▶ **DATA TO PROCESS**
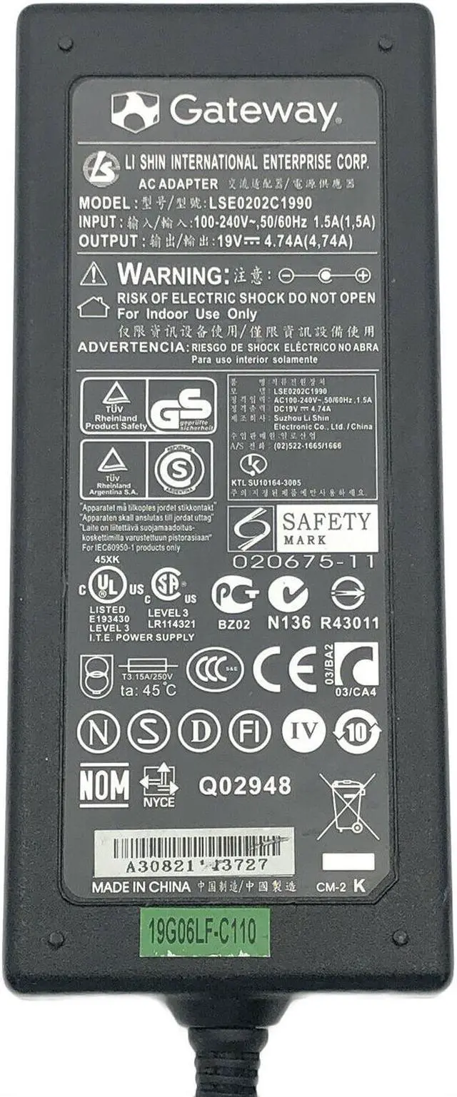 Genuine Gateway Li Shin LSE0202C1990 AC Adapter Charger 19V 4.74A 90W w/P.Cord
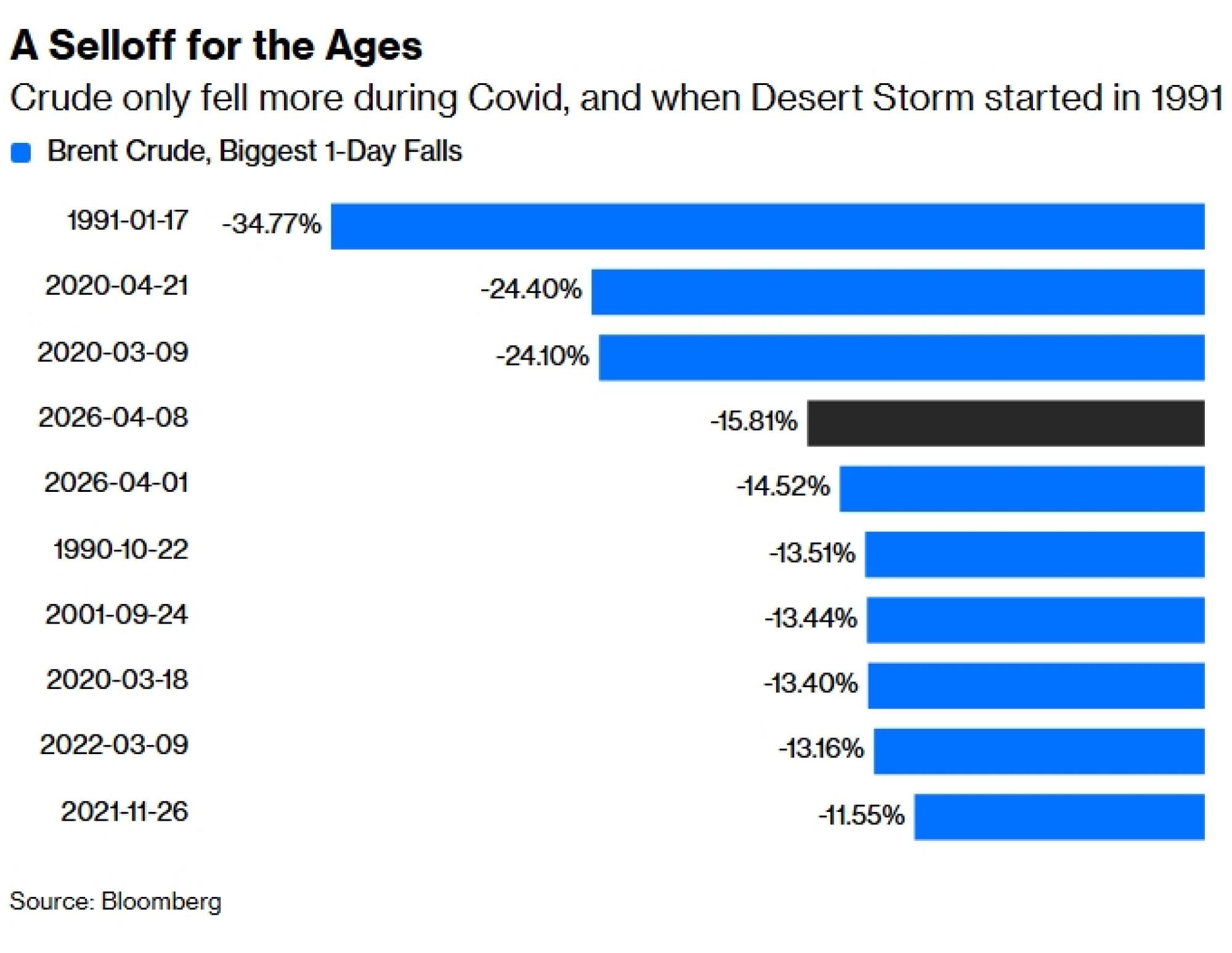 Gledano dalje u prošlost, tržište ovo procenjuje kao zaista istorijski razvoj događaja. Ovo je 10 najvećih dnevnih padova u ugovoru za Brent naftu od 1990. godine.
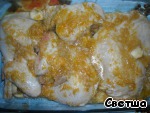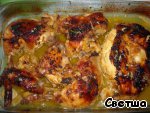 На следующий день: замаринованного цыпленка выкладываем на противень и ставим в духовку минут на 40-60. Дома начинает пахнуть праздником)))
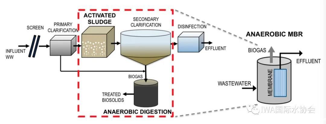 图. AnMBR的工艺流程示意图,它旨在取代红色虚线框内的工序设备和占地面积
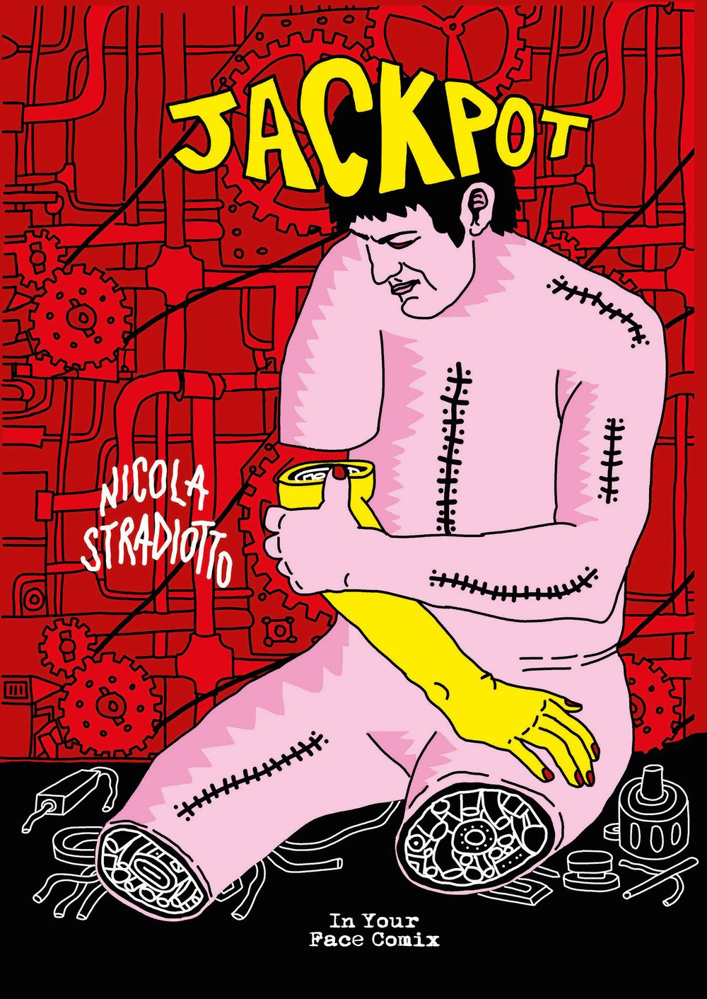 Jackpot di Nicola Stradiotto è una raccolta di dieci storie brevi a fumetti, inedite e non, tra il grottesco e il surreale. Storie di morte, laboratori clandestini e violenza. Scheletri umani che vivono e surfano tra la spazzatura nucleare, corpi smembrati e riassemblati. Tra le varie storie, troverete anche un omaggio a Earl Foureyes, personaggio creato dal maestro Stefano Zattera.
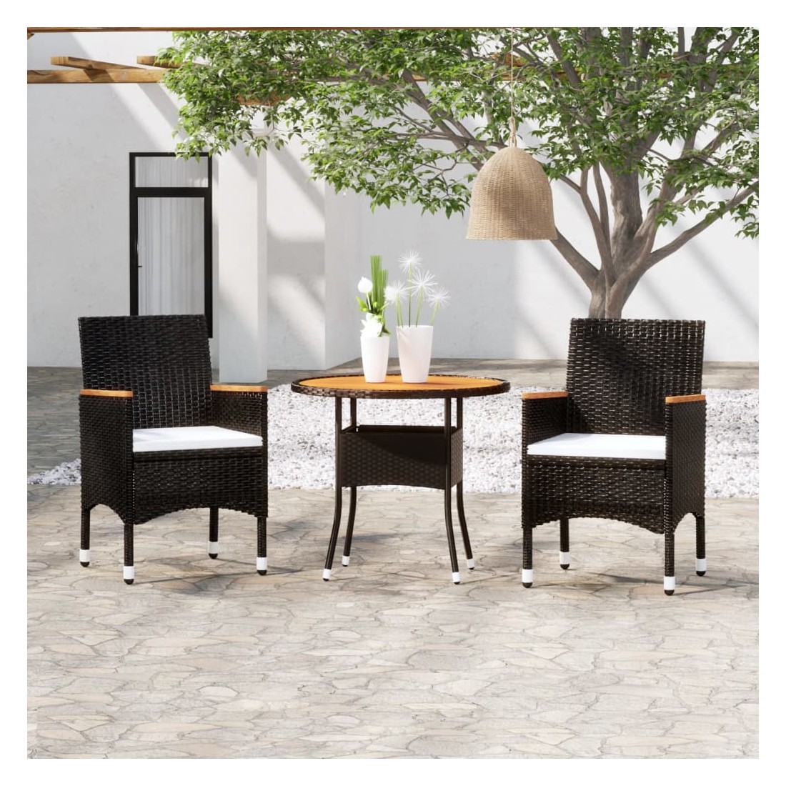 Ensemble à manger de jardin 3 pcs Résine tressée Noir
==
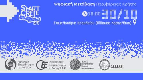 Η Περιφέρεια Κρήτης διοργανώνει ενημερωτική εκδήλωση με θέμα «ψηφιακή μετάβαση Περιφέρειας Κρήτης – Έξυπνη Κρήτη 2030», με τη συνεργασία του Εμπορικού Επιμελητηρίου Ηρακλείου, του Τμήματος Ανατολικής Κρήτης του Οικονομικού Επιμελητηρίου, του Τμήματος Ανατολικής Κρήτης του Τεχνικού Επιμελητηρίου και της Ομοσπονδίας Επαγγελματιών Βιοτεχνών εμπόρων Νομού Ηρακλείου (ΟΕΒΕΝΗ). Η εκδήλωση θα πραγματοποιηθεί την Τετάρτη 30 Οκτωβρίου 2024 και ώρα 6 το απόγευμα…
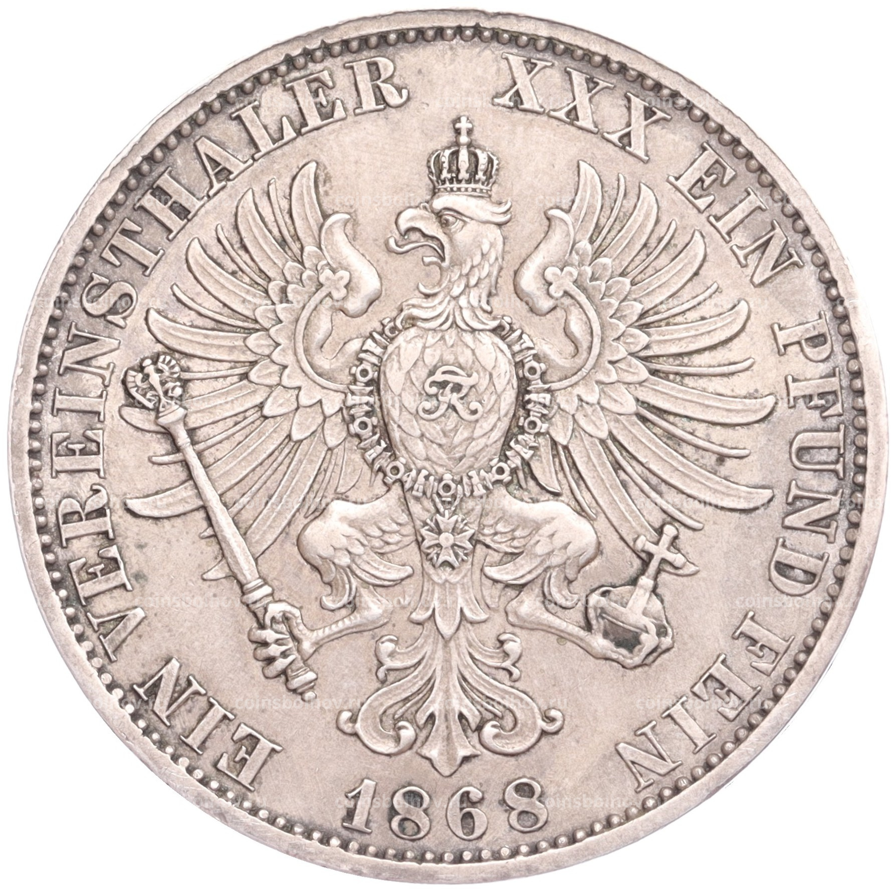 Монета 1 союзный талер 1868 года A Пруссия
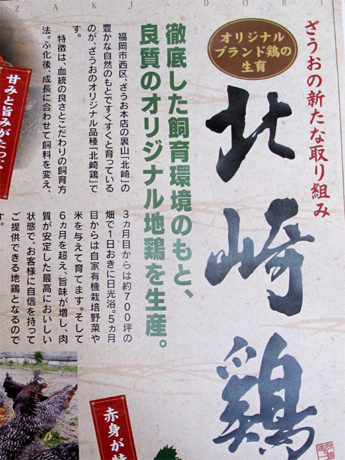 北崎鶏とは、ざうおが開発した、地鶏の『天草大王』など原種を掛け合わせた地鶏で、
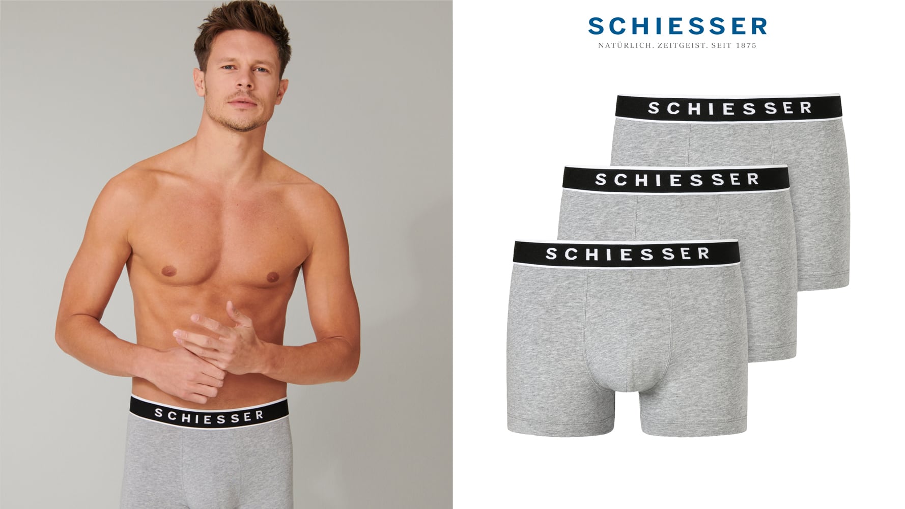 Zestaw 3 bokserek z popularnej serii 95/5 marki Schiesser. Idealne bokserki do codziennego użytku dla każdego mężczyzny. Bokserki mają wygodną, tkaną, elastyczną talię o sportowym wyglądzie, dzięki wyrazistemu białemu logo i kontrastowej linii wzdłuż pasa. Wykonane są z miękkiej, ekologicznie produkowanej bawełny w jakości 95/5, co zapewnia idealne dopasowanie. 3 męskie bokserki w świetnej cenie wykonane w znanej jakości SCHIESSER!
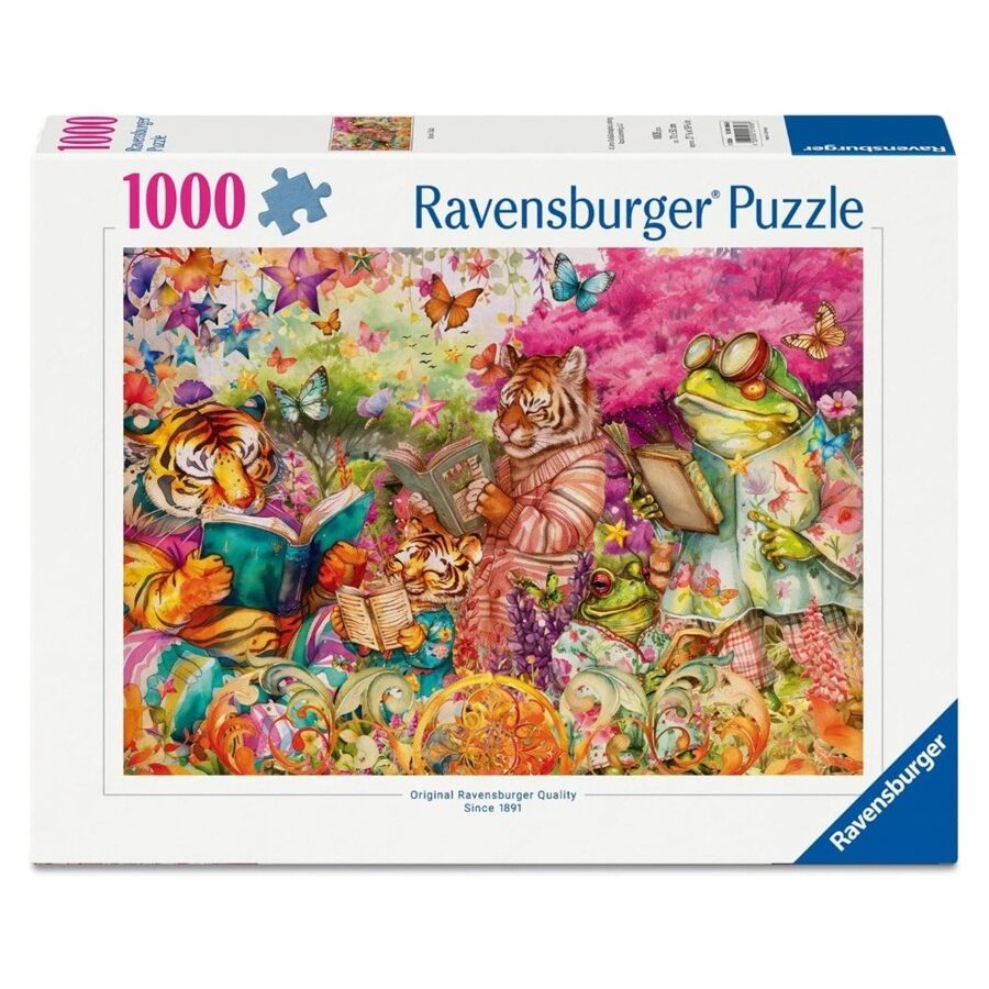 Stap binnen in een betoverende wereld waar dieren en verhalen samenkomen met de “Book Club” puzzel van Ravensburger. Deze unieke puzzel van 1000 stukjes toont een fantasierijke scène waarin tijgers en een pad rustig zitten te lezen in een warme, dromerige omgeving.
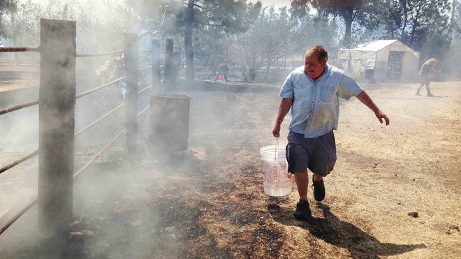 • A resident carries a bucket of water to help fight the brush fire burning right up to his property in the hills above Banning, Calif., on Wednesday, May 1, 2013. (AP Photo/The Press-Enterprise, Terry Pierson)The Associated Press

▶ **WHAT YOU SHOULD DO**
Nothing outside the stretch above, from the line with "Η Περιφέρεια Κρήτης" through the line with "北崎鶏とは、ざうおが開発した、地鶏の『天草大王』など原種を掛け合わせた地鶏で、", is set down. Transcribe that stretch exactly, ends included, but not its pictures.

▶ **RESPONSE**
 Η Περιφέρεια Κρήτης διοργανώνει ενημερωτική εκδήλωση με θέμα «ψηφιακή μετάβαση Περιφέρειας Κρήτης – Έξυπνη Κρήτη 2030», με τη συνεργασία του Εμπορικού Επιμελητηρίου Ηρακλείου, του Τμήματος Ανατολικής Κρήτης του Οικονομικού Επιμελητηρίου, του Τμήματος Ανατολικής Κρήτης του Τεχνικού Επιμελητηρίου και της Ομοσπονδίας Επαγγελματιών Βιοτεχνών εμπόρων Νομού Ηρακλείου (ΟΕΒΕΝΗ). Η εκδήλωση θα πραγματοποιηθεί την Τετάρτη 30 Οκτωβρίου 2024 και ώρα 6 το απόγευμα…
 Монета 1 союзный талер 1868 года A Пруссия
 北崎鶏とは、ざうおが開発した、地鶏の『天草大王』など原種を掛け合わせた地鶏で、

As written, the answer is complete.